• Dataset content:
================================

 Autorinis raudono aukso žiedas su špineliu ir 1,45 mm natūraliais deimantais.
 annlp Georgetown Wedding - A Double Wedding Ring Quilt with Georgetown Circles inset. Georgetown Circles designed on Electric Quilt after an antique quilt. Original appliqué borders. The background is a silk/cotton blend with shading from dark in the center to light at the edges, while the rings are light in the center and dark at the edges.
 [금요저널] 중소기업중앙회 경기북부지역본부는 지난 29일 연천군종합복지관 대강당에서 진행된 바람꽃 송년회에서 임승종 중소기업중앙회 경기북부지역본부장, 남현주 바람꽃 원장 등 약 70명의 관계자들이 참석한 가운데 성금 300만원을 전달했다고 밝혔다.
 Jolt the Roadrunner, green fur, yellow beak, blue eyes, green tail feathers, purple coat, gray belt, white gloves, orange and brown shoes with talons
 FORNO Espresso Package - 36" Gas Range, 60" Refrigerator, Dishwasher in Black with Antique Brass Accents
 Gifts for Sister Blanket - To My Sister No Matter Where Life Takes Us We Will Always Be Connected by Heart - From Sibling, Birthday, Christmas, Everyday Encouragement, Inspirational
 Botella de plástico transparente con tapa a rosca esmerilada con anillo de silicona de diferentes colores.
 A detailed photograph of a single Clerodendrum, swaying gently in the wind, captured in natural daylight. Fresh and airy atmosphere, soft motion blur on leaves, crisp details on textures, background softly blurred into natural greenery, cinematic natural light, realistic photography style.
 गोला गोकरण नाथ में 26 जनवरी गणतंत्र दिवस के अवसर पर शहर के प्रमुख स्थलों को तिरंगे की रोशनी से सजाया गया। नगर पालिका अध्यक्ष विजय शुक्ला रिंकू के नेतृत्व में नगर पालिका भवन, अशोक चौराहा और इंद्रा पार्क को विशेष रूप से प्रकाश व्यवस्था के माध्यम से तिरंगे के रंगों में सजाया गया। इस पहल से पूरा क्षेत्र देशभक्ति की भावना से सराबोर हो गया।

================================

• The task:
Check each line above for "with" and return the ones that have it.

• Result for this exercise:
 annlp Georgetown Wedding - A Double Wedding Ring Quilt with Georgetown Circles inset. Georgetown Circles designed on Electric Quilt after an antique quilt. Original appliqué borders. The background is a silk/cotton blend with shading from dark in the center to light at the edges, while the rings are light in the center and dark at the edges.
 Jolt the Roadrunner, green fur, yellow beak, blue eyes, green tail feathers, purple coat, gray belt, white gloves, orange and brown shoes with talons
 FORNO Espresso Package - 36" Gas Range, 60" Refrigerator, Dishwasher in Black with Antique Brass Accents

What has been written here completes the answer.